VwSen-105861/2/GU/Pr Linz, am 27. Oktober 1998 DVR.0690392

E r k e n n t n i s

Der unabhängige Verwaltungssenat des Landes Oberösterreich erkennt durch sein Mitglied Dr. Hans Guschlbauer über die Berufung des Dkfm. Ing. W. L., gegen den Bescheid der Bundespolizeidirektion Linz vom 22.9.1998, Zl.Cst.-25.624/98, womit einem Einspruch gegen eine Strafverfügung betreffend die Höhe der auferlegten Strafe wegen einer Übertretung der StVO 1960 keine Folge gegeben wurde, zu Recht:

Insoweit mit der Berufung die Höhe der bestätigten Strafe angefochten wird, wird dieser teilweise Folge gegeben und die verhängte Geldstrafe auf 2.000 S und der erstinstanzliche Verfahrenskostenbeitrag auf 200 S herabgesetzt.
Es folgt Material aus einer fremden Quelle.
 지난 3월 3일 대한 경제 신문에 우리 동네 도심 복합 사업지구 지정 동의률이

Die ausgesprochene Ersatzfreiheitsstrafe bleibt aufrecht.

Der Rechtsmittelwerber hat keine Beiträge zu den Kosten des Berufungsverfahrens zu leisten.
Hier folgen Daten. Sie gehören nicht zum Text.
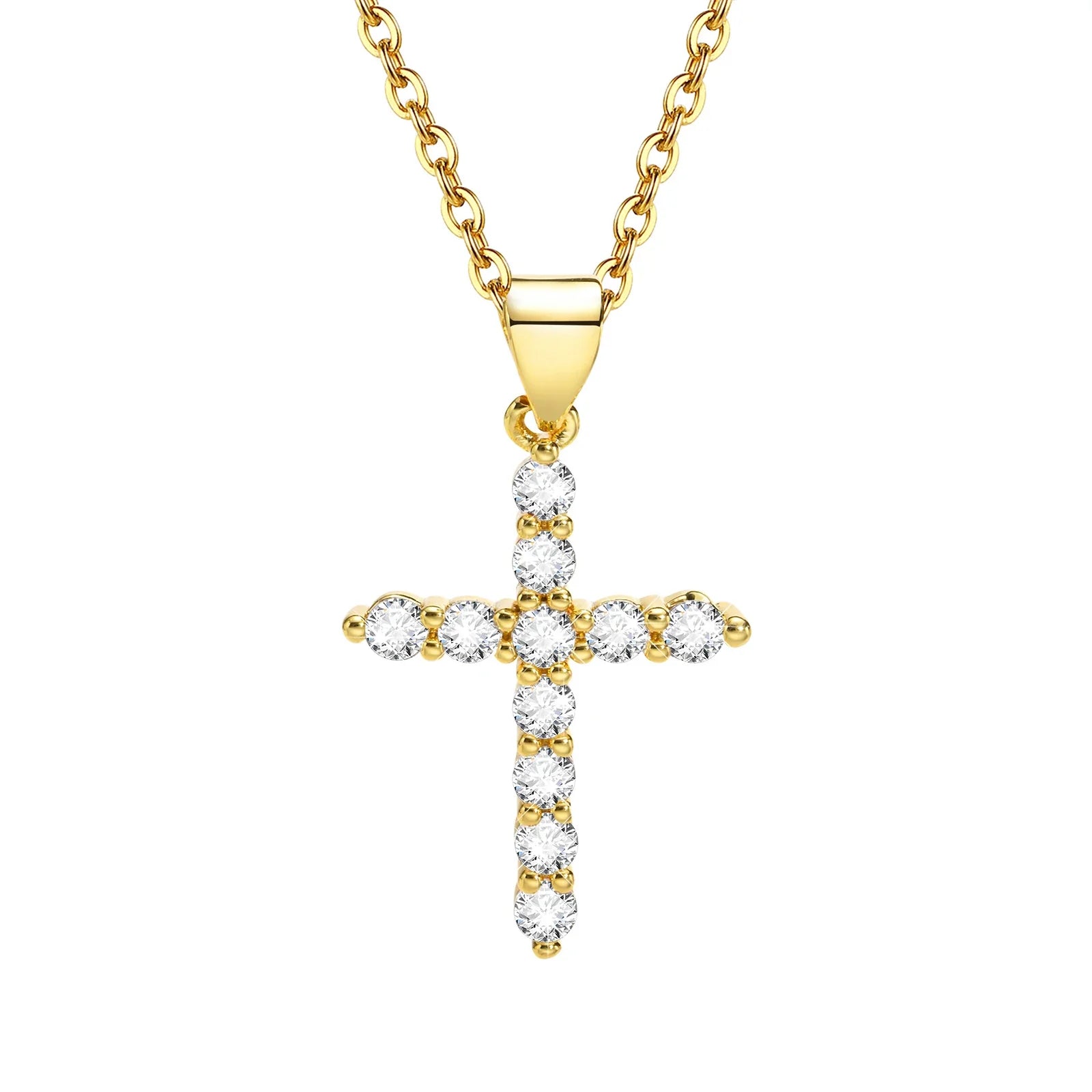 Suspended from a delicate gold-toned chain, the pavé-set cross shines with restrained brilliance, blending symmetry and clarity in a quietly reverent design.

Rechtsgrundlage: 1. § 66 Abs.4 AVG iVm § 24 VStG, § 19, § 51 e Abs.2, § 65 VStG, § 99 Abs.3 lit.a StVO 1960 2. Insoweit mit der Berufung der Schuldspruch bekämpft wird und im Ergebnis die Einleitung des ordentlichen Verfahrens begehrt wird, wird die Berufung gemäß § 49 Abs.2 3. Satz VStG als unzulässig zurückgewiesen.

Entscheidungsgründe:

Die Bundespolizeidirektion Linz hat mit Strafverfügung vom 22.9.1998, Cst.-25.624/Lz/98, den Rechtsmittelwerber schuldig erkannt, am 11.5.1998 um 23.37 Uhr in Wels auf der B 1 Richtung Osten das Kraftfahrzeug mit dem Kennzeichen, die durch Verbotszeichen gemäß § 52 Z10 a StVO 1960 kundgemachte Höchstgeschwindigkeit von 50 km/h überschritten zu haben, weil die Fahrgeschwindigkeit 92 km/h betrug, wobei die Überschreitung mit einem Meßgerät festgestellt worden ist. Wegen Verletzung des § 52 Z10 a iVm § 99 Abs.3 lit.a StVO 1960 wurde ihm deswegen eine Geldstrafe von 2.500 S, im Falle der Uneinbringlichkeit eine Ersatzfreiheitsstrafe von 4 Tagen auferlegt. Dagegen hat der Rechtsmittelwerber einen Einspruch eingebracht, dessen Text lautet:

"EINSCHREIBEN Abs.: W.L.

Betr.: 25624/LZ/98 Geschw.Übertretung/Berufung wegen Strafhöhe etc.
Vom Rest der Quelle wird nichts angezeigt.